* **Required action**
Nothing but the text of the records belongs in your answer: repeat all of it exactly and leave out the images.

#### Source data

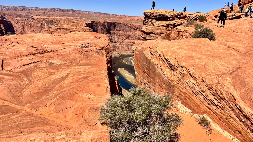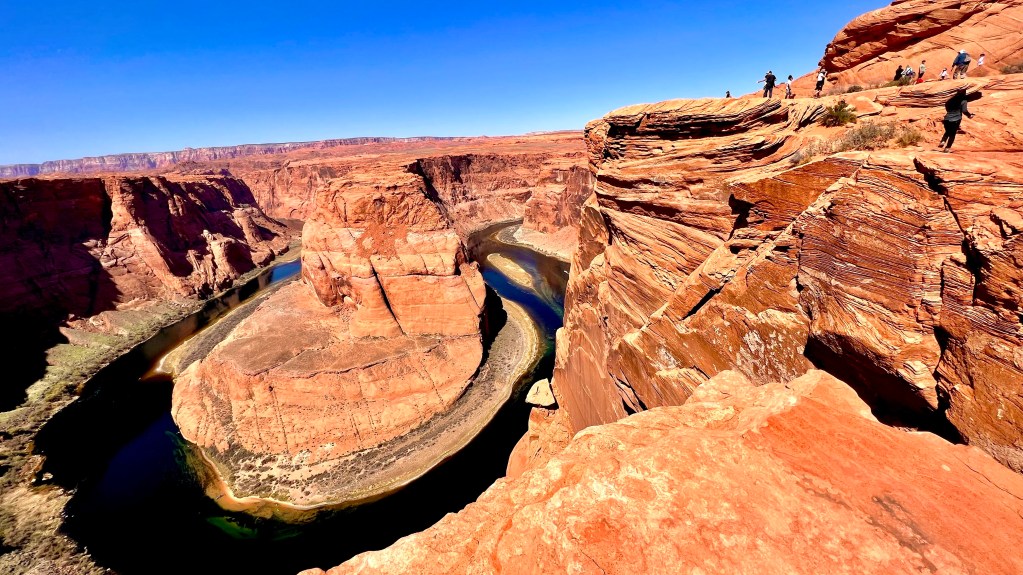 Heute konnten wir einen lang gehegten Wunsch von der Bucket List streichen. Den Horseshoe Bend. Von Flagstaff nach Page sind es 200 Kilometer. Dort in der Nähe macht der Colorado River seine berühmte Biegung. Viele gehypte Reiseziele können ja enttäuschend sein wenn man da ist. Der Horseshoe Bend ist aber wirklich nur WOW.
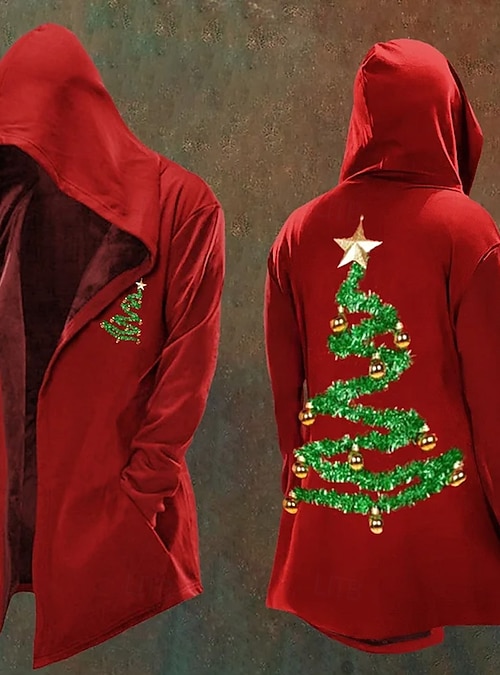 Christmas Men's Christmas Tree Winter Coat Fleece Jacket Coat Thermal Warm Comfortable Casual Daily Wear Zipper Pocket 3D Print Fall Winter Hooded Long Sleeve Red #18238522
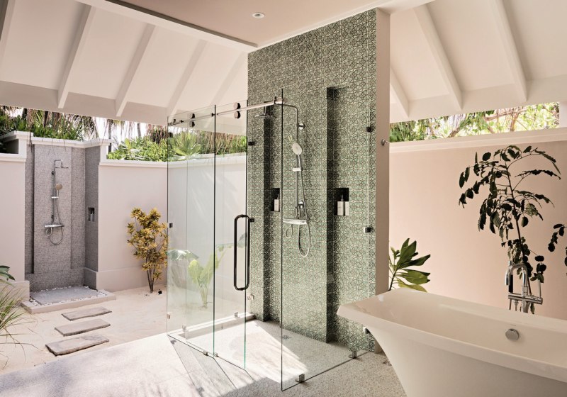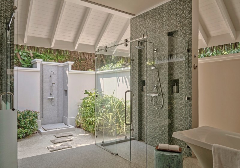 Die Lagoon Villa bietet etwa 145 m², die Beach Villa etwa 205 m². Die Ocean Water Pool Villa verbindet rund 180 m² mit einem privaten Pool von etwa 6 m². Je nach Kategorie erwartet Euch ein Außenbadezimmer mit Badewanne und Außendusche. Das Ergebnis: klare Linien, viel Platz, ausgesuchte Ruhe. Highlight: Sundecks mit direktem Lagunenzugang in den Overwater-Villen.
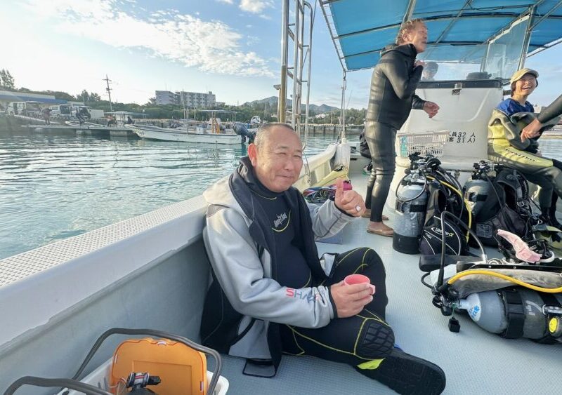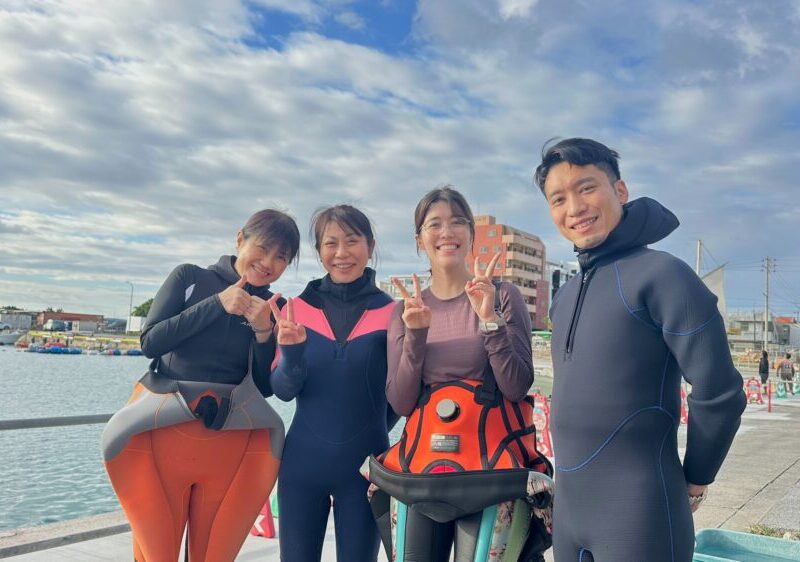 朝は曇っていましたが、青空の出るダイビング日和になってきましたね~ 今日は昨日からのMさんのライセンス講習と初来店のTさん、Tさん、Gさんの3名のファンダイビングです。 Tさん&Tさんは20年以上ぶりという強者、器材の使
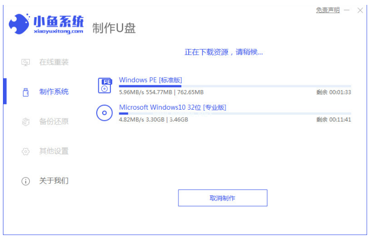 1、我們首先下載安裝小魚一鍵重裝系統(tǒng)軟件并打開,然后選擇制作U盤,再鼠標(biāo)點擊開始制作。
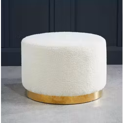 LPD Lara Large Pouffe - White Bouclé Elegance With Chic Gold Frame W 60 X L 0 X H 40 Cm - One Size
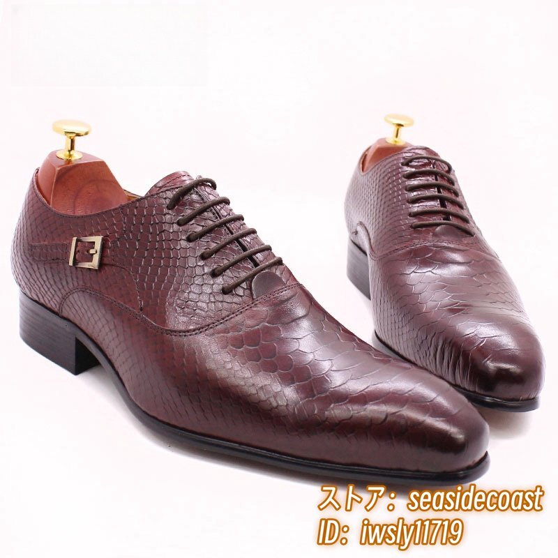 最高級★定価9万 ビジネスシューズ 本革 レザーシューズ 新品 紳士靴 超希少 蛇紋 職人手作り フォーマル 高級牛革 革靴 レッド 24.5cm
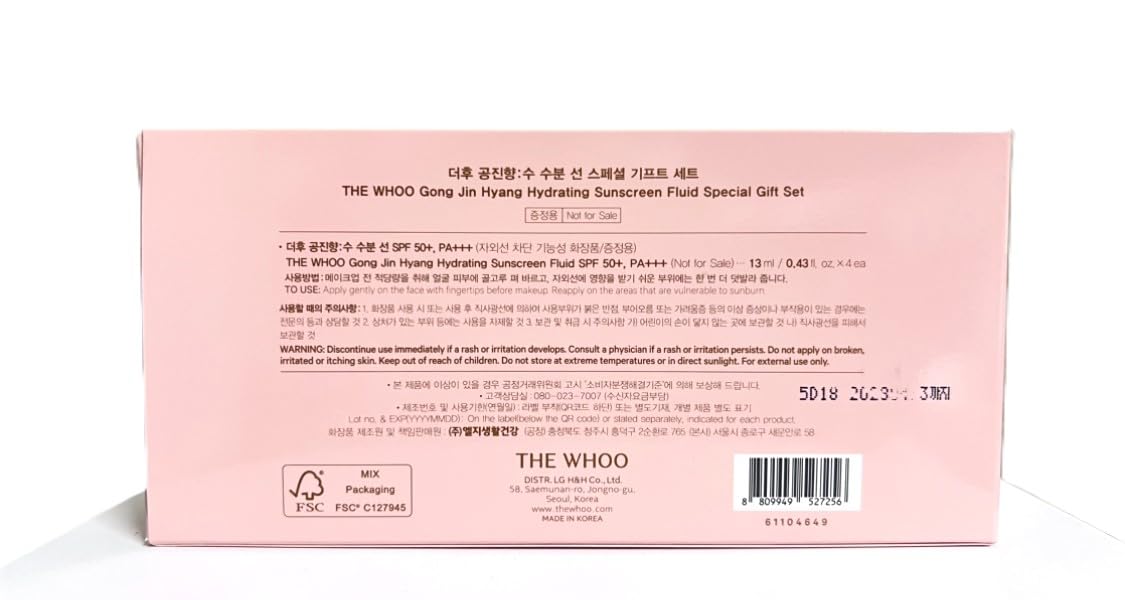 Comment on "THE WHOO Hydrating Sunscreen Fluid, UV Protective Lotion SPF 50+/PA++++ Special Set 60ml+ Travel Kit 4ea x 13ml. Cooling-Anti-Aging-Moisturizing formula. Made in Korea"
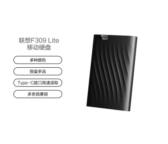 联想/LENOVO F309 移动硬盘 2TBType-C 机械硬盘 高速传输便携小巧稳定耐用 深空黑
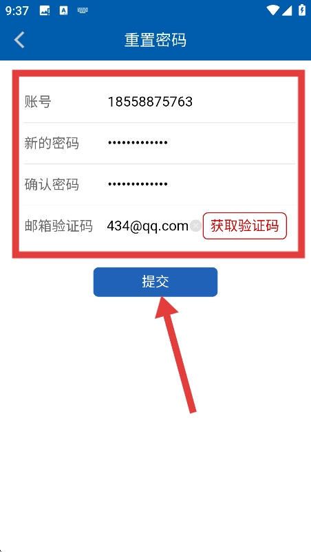 进入重置密码页面后,依次填写【账号】、【新密码】、【确认密码】,获取并填写【邮箱验证码】,最后点击【提交】按钮,即可完成密码重置操作。

########

* **Answer space**
 Heute konnten wir einen lang gehegten Wunsch von der Bucket List streichen. Den Horseshoe Bend. Von Flagstaff nach Page sind es 200 Kilometer. Dort in der Nähe macht der Colorado River seine berühmte Biegung. Viele gehypte Reiseziele können ja enttäuschend sein wenn man da ist. Der Horseshoe Bend ist aber wirklich nur WOW.
 Christmas Men's Christmas Tree Winter Coat Fleece Jacket Coat Thermal Warm Comfortable Casual Daily Wear Zipper Pocket 3D Print Fall Winter Hooded Long Sleeve Red #18238522
 Die Lagoon Villa bietet etwa 145 m², die Beach Villa etwa 205 m². Die Ocean Water Pool Villa verbindet rund 180 m² mit einem privaten Pool von etwa 6 m². Je nach Kategorie erwartet Euch ein Außenbadezimmer mit Badewanne und Außendusche. Das Ergebnis: klare Linien, viel Platz, ausgesuchte Ruhe. Highlight: Sundecks mit direktem Lagunenzugang in den Overwater-Villen.
 朝は曇っていましたが、青空の出るダイビング日和になってきましたね~ 今日は昨日からのMさんのライセンス講習と初来店のTさん、Tさん、Gさんの3名のファンダイビングです。 Tさん&Tさんは20年以上ぶりという強者、器材の使
 1、我們首先下載安裝小魚一鍵重裝系統(tǒng)軟件并打開,然后選擇制作U盤,再鼠標(biāo)點擊開始制作。
 LPD Lara Large Pouffe - White Bouclé Elegance With Chic Gold Frame W 60 X L 0 X H 40 Cm - One Size
 最高級★定価9万 ビジネスシューズ 本革 レザーシューズ 新品 紳士靴 超希少 蛇紋 職人手作り フォーマル 高級牛革 革靴 レッド 24.5cm
 Comment on "THE WHOO Hydrating Sunscreen Fluid, UV Protective Lotion SPF 50+/PA++++ Special Set 60ml+ Travel Kit 4ea x 13ml. Cooling-Anti-Aging-Moisturizing formula. Made in Korea"
 联想/LENOVO F309 移动硬盘 2TBType-C 机械硬盘 高速传输便携小巧稳定耐用 深空黑
 进入重置密码页面后,依次填写【账号】、【新密码】、【确认密码】,获取并填写【邮箱验证码】,最后点击【提交】按钮,即可完成密码重置操作。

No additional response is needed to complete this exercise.